As of Sept. 30, 16 infrastructure debt funds were seeking a combined $8.8 billion in investor commitments globally, according to data from research firm Preqin Ltd. By early December, there were 19 funds seeking $12.2 billion. Further increases are “certainly something we envisage continuing in the future,” said Iain Jones, research analyst in infrastructure at Preqin in London.
“There is a growing interest in the (institutional investor) market, and banks are retreating — and will continue to retreat — because of regulations around Basel III,” said John McCarthy, managing director and global head RREEF Infrastructure, London.
Basel III is a set of international banking regulations yet to take effect; the new rules are expected to prompt banks to unload long-term debt holdings. “There has to be a way of filling that hole. Infrastructure funds are a way of doing so,” Mr. McCarthy said.
RREEF has a debt team in place and is looking at possible strategies. A new product is planned for early 2012, but Mr. McCarthy declined to provide further details.
Meanwhile, JPMAM is creating an infrastructure debt investment team under the leadership of managing director and portfolio manager Bob Dewing. Based in New York, Mr. Dewing will coordinate the firm's expertise in credit and real assets.
“We're bringing together two different skill bases: the skill to analyze fund infrastructure risk and ... a very large fixed-income platform that manages many billions of dollars,” he said. “It's unusual to bring both skill bases together.”
However, Luba Nikulina, senior investment consultant and global head of private markets, Towers Watson & Co. in London, isn't convinced that infrastructure debt will take off among institutional investors, and cites a couple of reasons for hesitation.
First, investors need a fund or manager to bundle together these debt assets, and costs have been high. “There are a lot of funds being raised now in the market, but they tend to be expensive. They borrow their fee structure from the private equity world rather than the fixed-income world,” she said.
Also, it's not clear why infrastructure debt would be run as a separate asset class. “The question is: Why would you allocate to infrastructure debt as a separate allocation as opposed to a wider allocation across many (debt) strategies?” Ms. Nikulina said.
“It will probably be another two to three years before the future of infrastructure debt is clear,” she said.

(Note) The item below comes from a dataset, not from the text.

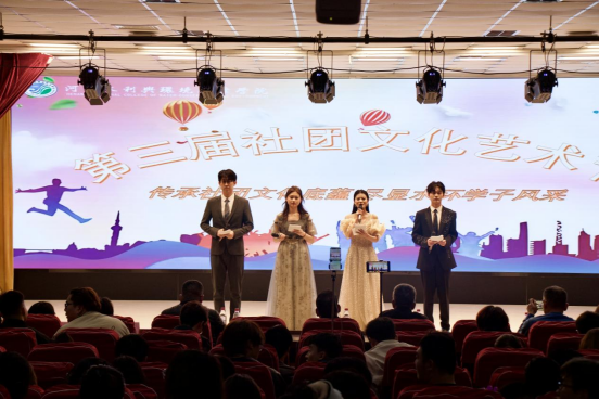 56个学生社团、数十个节目、数百名学生表演节目。3月26日晚,我校第三届大学生社团文化艺术节开幕式分别在花园路校区和航空港校区成功举办。活动主题为“传承社团文化底蕴,尽显水环学子风采”。校纪委书记张志淮,党委学生工作部、团委、航空港校区管委会、水利工程系、土木工程系、经济管理系、信息工程系、机电工程系、环境工程系等部门有关负责同志、团学干部和56个学生社团参加开幕式。
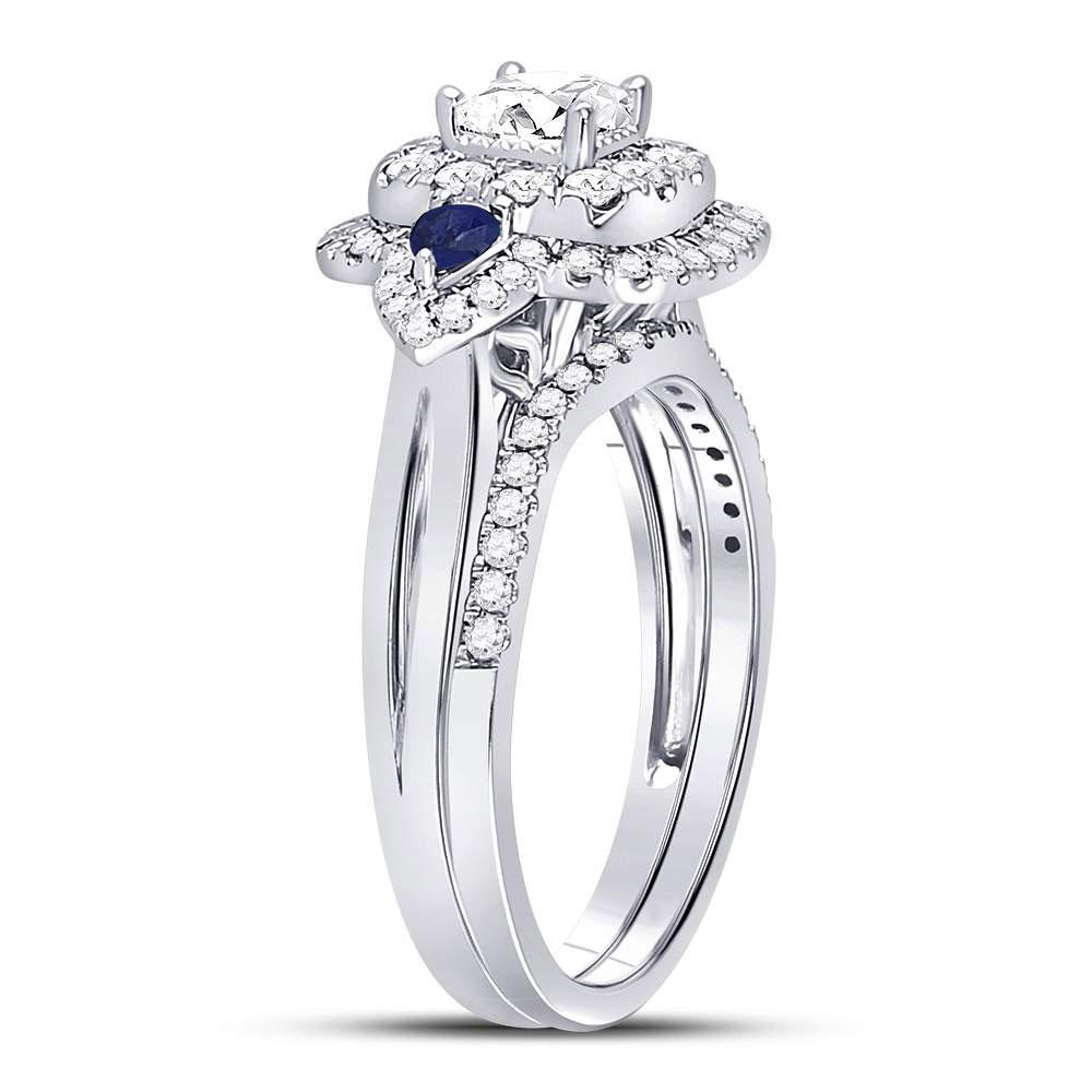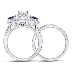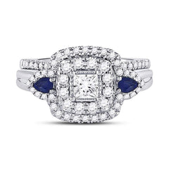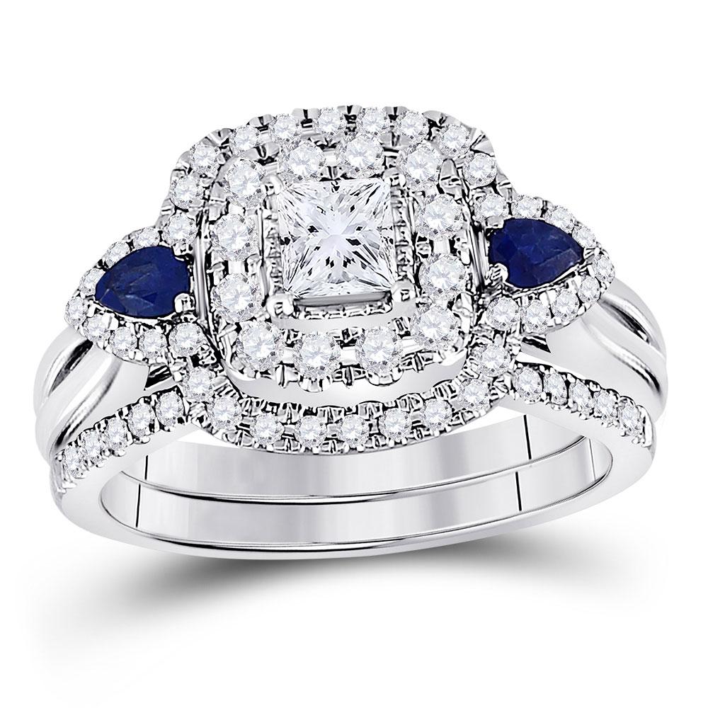 14kt White Gold Princess Diamond Bridal Wedding Ring Band Set 7/8 Cttw

Georg Grodzki, head of credit research at Legal & General Investment Management, London, said: “There is growing interest out there, but this has not yet translated into major investment flows from U.K. pension funds or retail investors.” LGIM runs about £1 billion in infrastructure debt for its insurance parent.
Mr. Grodzki said infrastructure bonds are a “natural fit” for pension funds and insurance companies with long-dated liabilities because the bonds are “long-dated, often linked to inflation, and their credit quality is less sensitive to fluctuations of economic activity than other bonds.”
However, much of the infrastructure debt held on banks' balance sheets would not be attractive to institutional investors, Mr. Grodzki said, because it tends to be floating rate, shorter-dated and not always investment grade. “Very little of their loan portfolios is of interest to us. You would have to re-engineer them, which is expensive and laborious.”